I think it says FU EU
Old Submarine Base
The plan was to stop at one of the small beach resorts around Drymades when the DPF filter warning light reared its pimply, unattractive head. Fearing the worst we headed for the biggest town in the area; Saranda. As the Homie was still going we thought we would carry on and try and get to Greece from where we had breakdown cover. We didn’t make it. We made the town of Ksamil where the engine died as we entered the campsite.
Our dead Truck
So close but oh so far. The last time this happened cost us close on €300 to get fixed in Italy. As you can see from the photo we got the Barbie out, had a few beers and made decisions of such clarity they could be seen from the moon. Decisions that could only be made by men and women with no facial topiary. We decided to do nothing. It’s Albania, it’s cheap, people are friendly, people are resourceful. We asked the campsite owner and unfortunately his mates were off on some religious holiday, this in a country where 94% are atheist and we try to source the only religious mechanic south of Bradford. So we turned to Facebook and sourced a young chap who seemed to know what he was talking about and he agreed to come over after work. I was not allowed anywhere near him. The campsite owner who once worked in a kebab shop in Belfast gave him the most intense interview I have seen. After about two hours I retired for a beer. Just past midnight I was informed by Mr AbraKababra that the mechanic was fit for purpose and he would come tomorrow with some hooky software to fix it. Which he did. He also said the last generation done in Italy was not done well and it would need two goes and we would have to take the Homie to the garage the next day. While we waited we had a stroll around Ksamail. It is in a beautiful setting but I am not sure would it would be like in peak season.

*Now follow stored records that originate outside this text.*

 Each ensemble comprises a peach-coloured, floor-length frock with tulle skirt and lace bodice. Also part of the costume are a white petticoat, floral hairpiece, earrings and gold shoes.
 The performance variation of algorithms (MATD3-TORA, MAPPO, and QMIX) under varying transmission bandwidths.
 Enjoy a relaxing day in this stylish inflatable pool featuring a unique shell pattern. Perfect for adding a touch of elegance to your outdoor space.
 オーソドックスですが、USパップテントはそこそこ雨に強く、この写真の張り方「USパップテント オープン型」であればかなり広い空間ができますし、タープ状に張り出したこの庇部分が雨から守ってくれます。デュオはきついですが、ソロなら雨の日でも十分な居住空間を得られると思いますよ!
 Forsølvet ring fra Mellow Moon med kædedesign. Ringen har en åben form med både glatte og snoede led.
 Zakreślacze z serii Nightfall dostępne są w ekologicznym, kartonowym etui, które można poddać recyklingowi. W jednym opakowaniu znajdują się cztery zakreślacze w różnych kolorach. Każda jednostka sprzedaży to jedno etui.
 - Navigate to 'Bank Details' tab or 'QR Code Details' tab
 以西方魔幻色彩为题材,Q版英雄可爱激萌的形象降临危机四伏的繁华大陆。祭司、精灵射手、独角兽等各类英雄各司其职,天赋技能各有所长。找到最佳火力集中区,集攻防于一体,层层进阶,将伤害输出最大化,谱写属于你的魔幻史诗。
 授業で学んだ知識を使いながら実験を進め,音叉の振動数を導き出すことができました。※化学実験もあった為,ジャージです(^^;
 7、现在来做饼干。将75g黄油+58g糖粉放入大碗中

Ksamil Bay with Corfu as the backdrop
No planning Permission. The Government send the boys round
Ksamil and Corfu Sunset
We spent the evening chatting to Mr Abrakababra and his wife Donna. He told us about the history of Albania and how they have fallen out with everyone, the British just after WWII allowing the commies to take over, the Russians and finally the Chinese. They have applied to the EU to be members. This has not been met with a warm response as the Albanian Government has over 30% of its representatives being affiliates of organised crime. The EU has told them to fall in-line with the rest of the bloc and come back when their parliament is totally corrupt.
We got the Homie re-energised and while we waited were bought a couple of Frappies. Total cost €20. What? For less than 10% of the cost in Italy we got the thing fixed properly, got a couple of coffees and treated as friends. Albania we love you and do not join the EU. You will lose your soul and end up as a bunch of cheats.